The claimants went to the Apex Court which came to the conclusion that since the explosion had taken place inside the bus and the police escort was not there, the Transport Corporation would be fastened with the liability to pay compensation since it was negligent in the performance of its duty of ensuring the safety of the passengers. 9. A Division Bench of the Gauhati High Court, Agartala Bench in Bipal Bashi Das v. Oriental Insurance Company Ltd. & Another, [2005 (3) GLT 407], decided a case in which the deceased died as a result of an extremist attack when the extremists attacked and fired upon the vehicle in which the deceased was travelling. The Division Bench following the Samir Chanda's case came to the conclusion that the Amarpur-Teliamura road, at the relevant time, was infested with extremists and, therefore, the driver and owner should have been vigilant and should have taken precautions to ensure that such an attack does not take place. 10. A "duty to take care" lies upon the person who ferries passengers in his vehicle. This duty not only extends to driving but as held in Om Prakash's case (supra) by the Division Bench of the Himachal High Court, it extends to ensuring that no unidentified object is kept in the bus. It is a well-known fact that the State of was in the grip of terrorism at the relevant time.
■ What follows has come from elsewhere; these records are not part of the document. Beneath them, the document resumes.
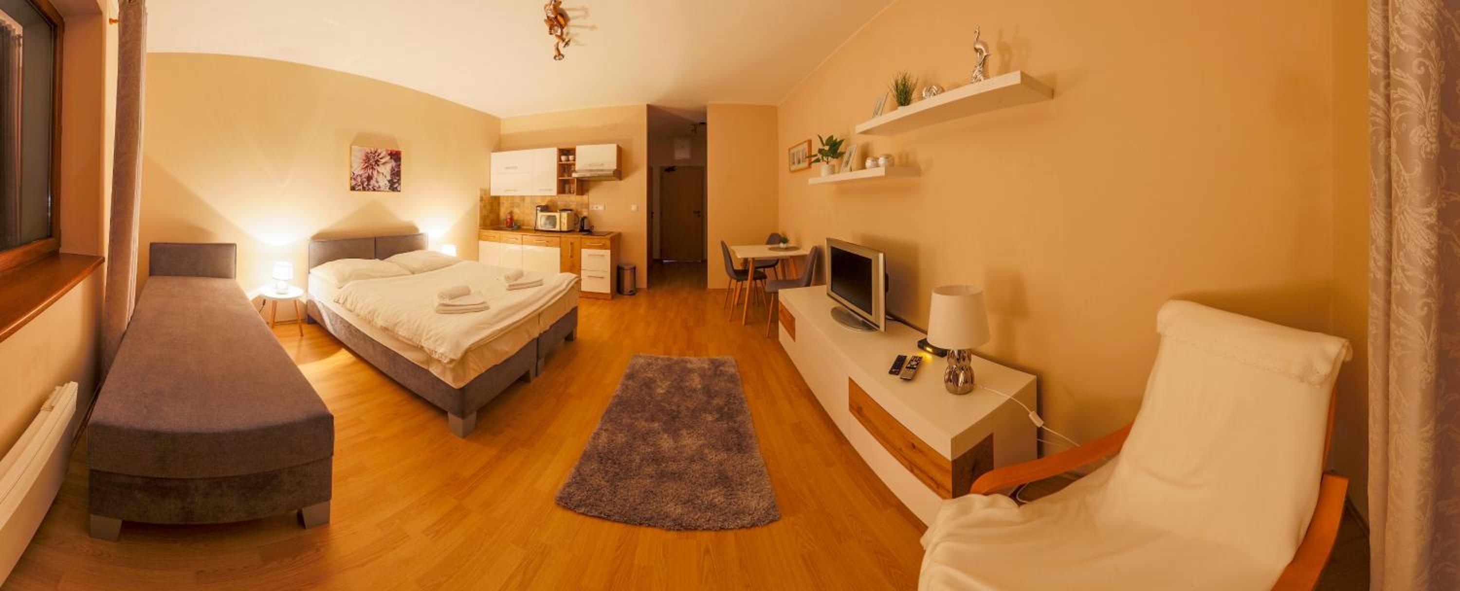 Vynikající lokalita apartmanoveho domu. Dobrý poměr kvality a ceny. Velmi milá paní recepční operativně vyřešila problém s nedostatkem parkovacích míst.
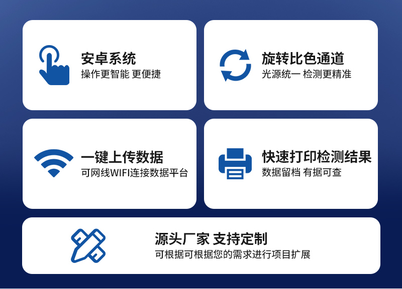 | 機(jī)器采用全新安卓智能系統(tǒng),主控芯片采用 ARM Cortex-A7,RK3288/4核處理器,主頻1.88Ghz,運(yùn)轉(zhuǎn)速度更快速,穩(wěn)定性更強(qiáng)。 | 創(chuàng)新檢測(cè)模式: *儀器采用精密旋轉(zhuǎn)比色池設(shè)計(jì),使用光源一致,可以解決各通道間由于光源誤差帶來的檢測(cè)結(jié)果誤差問題,檢測(cè)結(jié)果更加精準(zhǔn)。 *儀器具有自動(dòng)識(shí)別比色皿檢測(cè)功能,即:將樣品比色皿放入儀器后,點(diǎn)擊樣品檢測(cè),儀器自動(dòng)識(shí)別比色皿進(jìn)行通道檢測(cè)。 | 供電方式:交直流兩用,直流 12V 供電,可連接車載電源,可配 6ah 大容量充電鋰電池,方便戶外流動(dòng)測(cè)試。 | 顯示方式:7英寸液晶觸摸屏顯示,人性化中文操作界面,讀數(shù)直觀、簡(jiǎn)單。 | 檢測(cè)通道:8個(gè)檢測(cè)通道,可以同時(shí)測(cè)試多個(gè)樣品,循環(huán)檢測(cè),即放即檢,每個(gè)樣品由程序控制分別獨(dú)立工作,不會(huì)互相干擾。 | 高精光源系統(tǒng): ①儀器光源采用進(jìn)口超高亮發(fā)光二極管,光源亮度可以自動(dòng)調(diào)節(jié)與校準(zhǔn) ②智能恒流穩(wěn)壓,光強(qiáng)自動(dòng)校準(zhǔn),長(zhǎng)時(shí)間連續(xù)工作光源無溫漂現(xiàn)象。 | 智能操作分析系統(tǒng): ①儀器具有100多種蔬菜名稱菜單庫(kù),分類管理,并可按需添加或刪除、編輯蔬菜名稱;可在同一檢測(cè)界面自動(dòng)對(duì)應(yīng)相關(guān)檢測(cè)通道一次性選擇1-24個(gè)樣品名稱,無需退出界面,節(jié)省操作時(shí)間。 ②內(nèi)置新國(guó)家限量標(biāo)準(zhǔn),與所測(cè)結(jié)果進(jìn)行現(xiàn)場(chǎng)比對(duì),并持續(xù)更新標(biāo)準(zhǔn)。 | 完善的配套硬件: ①采用串口5v打印機(jī),可選擇手動(dòng)打印或者自動(dòng)打印,三分鐘出打印結(jié)果,打印格式為檢測(cè)人姓名、吸光度差值、檢測(cè)時(shí)間、檢測(cè)機(jī)構(gòu)、樣品名稱及結(jié)果判定。 ②儀器具有無線上傳模塊,檢測(cè)結(jié)果可批量打印,批量上傳。 | 數(shù)據(jù)調(diào)用: ①儀器可存儲(chǔ)20萬條檢測(cè)結(jié)果, ②檢測(cè)結(jié)果為Excel表格,方便后期進(jìn)行數(shù)據(jù)分析與匯總報(bào)告 ③儀器采用USB2.0接口設(shè)計(jì),支持 U 盤存儲(chǔ),方便數(shù)據(jù)的存貯和移動(dòng),并可隨時(shí)與計(jì)算機(jī)直接相連,實(shí)現(xiàn)數(shù)據(jù)查詢、瀏覽、分析、統(tǒng)計(jì)、打印等。 | 后期產(chǎn)品固件可升級(jí)。 | 安全證書,放心保障:儀器具有中國(guó)計(jì)量科學(xué)研究院校準(zhǔn)證書,**認(rèn)證,使用放心。 | 機(jī)箱采用工業(yè)級(jí)ABS工程塑料箱,方便攜帶,穩(wěn)固耐用,便于流動(dòng)測(cè)試。 |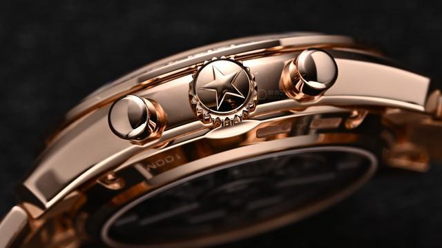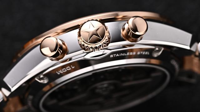 表壳经过拉丝与抛光交替处理,经典的泵式计时按钮被传承下来。除此之外,该腕表具备100米的防水能力。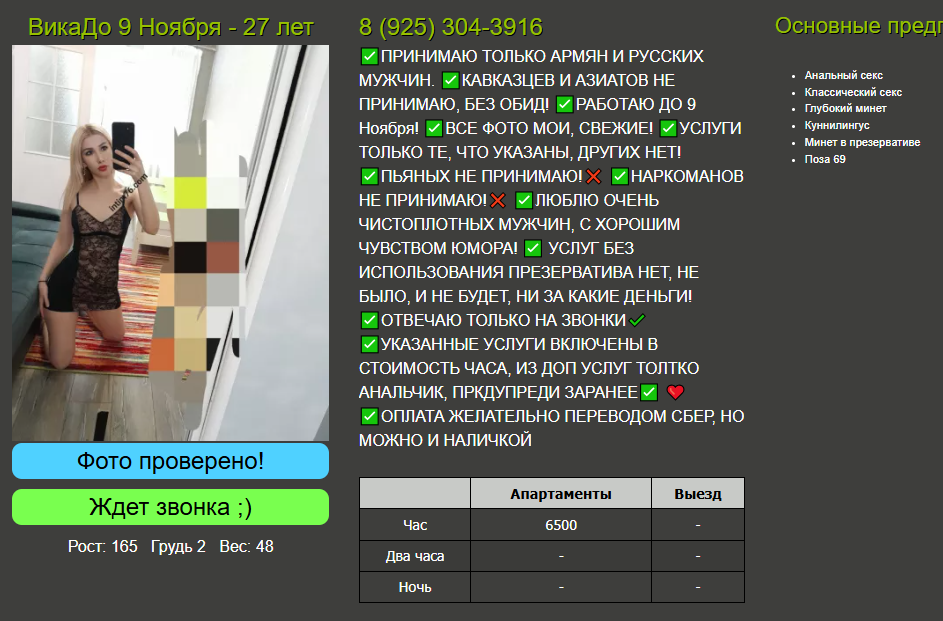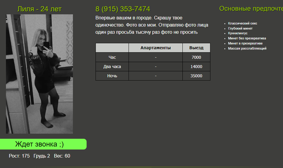 , так вот представьте, что вы занимаетесь ремонтом стиральных машин. Вы, как нормальный адекватный человек, сделали бы описание к своей анкете? Риторический вопрос), фото с высокой долей вероятности не ее. Опять же с высокой долей вероятности подмосковная гастролерша, берущая у себя максимум 6к.

This fact was known to all and judicial notice of the same can be taken. The driver was also aware that he was passing through an area which was infested with extremists. It was his duty to have ensured that there was sufficient protection to the vehicle and its passengers. There is evidence on record that the passengers had requested the driver to wait for a police escort but as I have said earlier, even if there was no such request this did not relieve the driver of his own duty to ensure that the lives of the passengers in his vehicle were not put to risk. The negligence is, therefore, writ large since the driver took his vehicle without taking any safety measures. The claimants are, therefore, entitled to compensation under the Motor Vehicles Act, 1988. 11. In view of the above discussion, I find no merit in this appeal which is accordingly dismissed. Send down the lower court records forthwith.